This is a smoke-free story.
It was written yesterday afternoon, under considerable strain, to mark the American Cancer Society's 14th Great American Smokeout. It took longer than usual, since even two cups of coffee, three Diet Cokes and half a bag of red licorice didn't provide the same inspiration as one Marlboro Light.
But after talking to Rita Paul during lunchtime, I decided that if she -- a veteran 14-cigarettes-a-day smoker -- could quit for 24 hours, so could I.
By the time I met her at noon, Paul was antsy but resigned. She reached into her bag and fished around for another mint, something sweet and innocuous to substitute for a Salem. But it just wasn't the same.
"I've been smoking since I was 18," said the 60-year-old secretary at North Arundel Hospital. "I have cut down drastically, but I never miss one except on this day."
Paul has participated in the Great American Smokeout for the past five years under the watchful eye of her supervisor. Kevin Murnane, the hospital's public relations director, "adopts" her during each smokeout, offering mints and moral support to keep his secretary from reaching for a cigarette.
"When I first met her, smoking was permitted in this hospital," Murnane recalled. "It would just be filled with smoke in this office, a blue haze, when I walked in."
Like most medical offices and businesses in America, North Arundel has banned smoking entirely. Paul and her smoking colleagues must stand outside the building, shivering under umbrellas in the rain, to enjoy a nicotine fix.
"Truthfully, I wish that we could have a smoking area inside the hospital," Paul said, though she admits that she's "on both sides of the fence" about clearing the air at work. "Someday, when smokers have their rights again, come and see me."
The Glen Burnie grandmother has mapped a successful strategy to survive each smokeout.
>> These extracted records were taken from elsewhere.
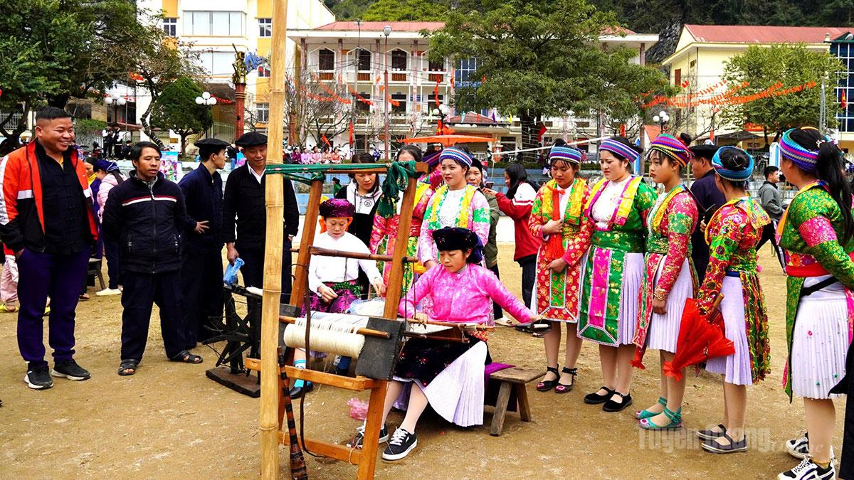 | Đồng bào dân tộc Mông xã Mèo Vạc dệt thổ cẩm, gìn giữ nét đẹp văn hóa dân tộc. |
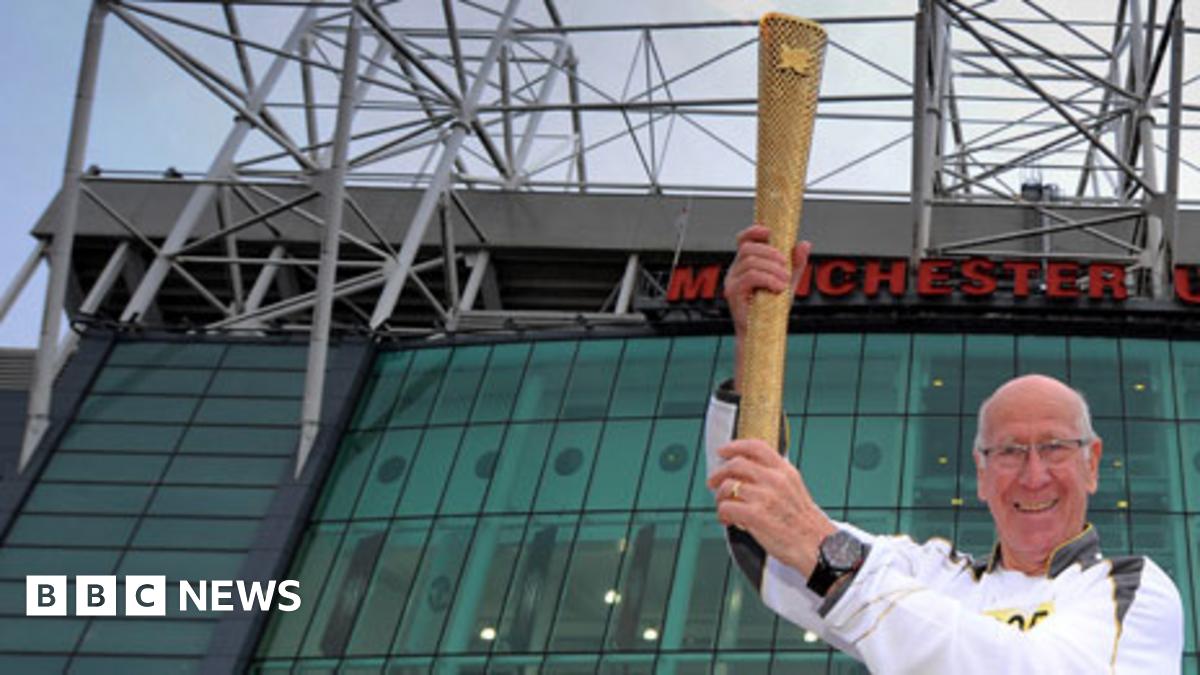 Football legend <link> <caption>Sir Bobby Charlton</caption> <url href="http://www.bbc.co.uk/news/uk-england-manchester-18532570" platform="highweb"/> </link> carried the Olympic torch past Manchester United's Old Trafford stadium on day 37 of the relay.
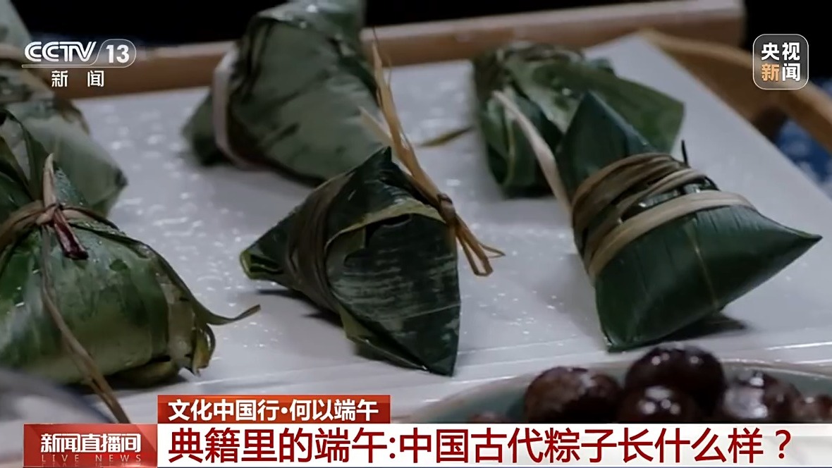 总台央视记者 于茜:端午节,家家户户都吃粽子,我们中国的粽子,无论是外形,内馅儿和名目,它的演变和发展已经有上千年的历史了。从古籍的描述中,我们也可以看到,中国古代的粽子到底长什么样。
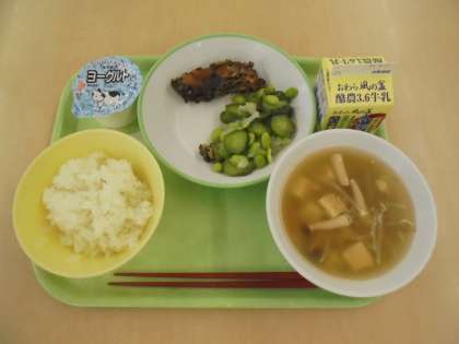 ごはん、牛乳、ふくらぎのえごま揚げ、枝豆のマリネ、豆腐スープ、ヨーグルトです。

She only drinks half her usual cup of coffee, to avoid lighting up at breakfast. She chews gum and keeps busy at work to avoid heading outside for her 10 a.m. cigarette break. And she munches carrot sticks to skip her evening smokes.
Paul is a perfect target of the federal government's latest anti-smoking campaign. Aimed at the hard-core smoker, the new "It's Never Too Late to Quit" program is trying to reach the more than 20 million smokers over age 50.
But while she sticks with the smokeout, Paul always reaches for a Salem the next morning. Hooked on nicotine, she said she's just not ready to quit.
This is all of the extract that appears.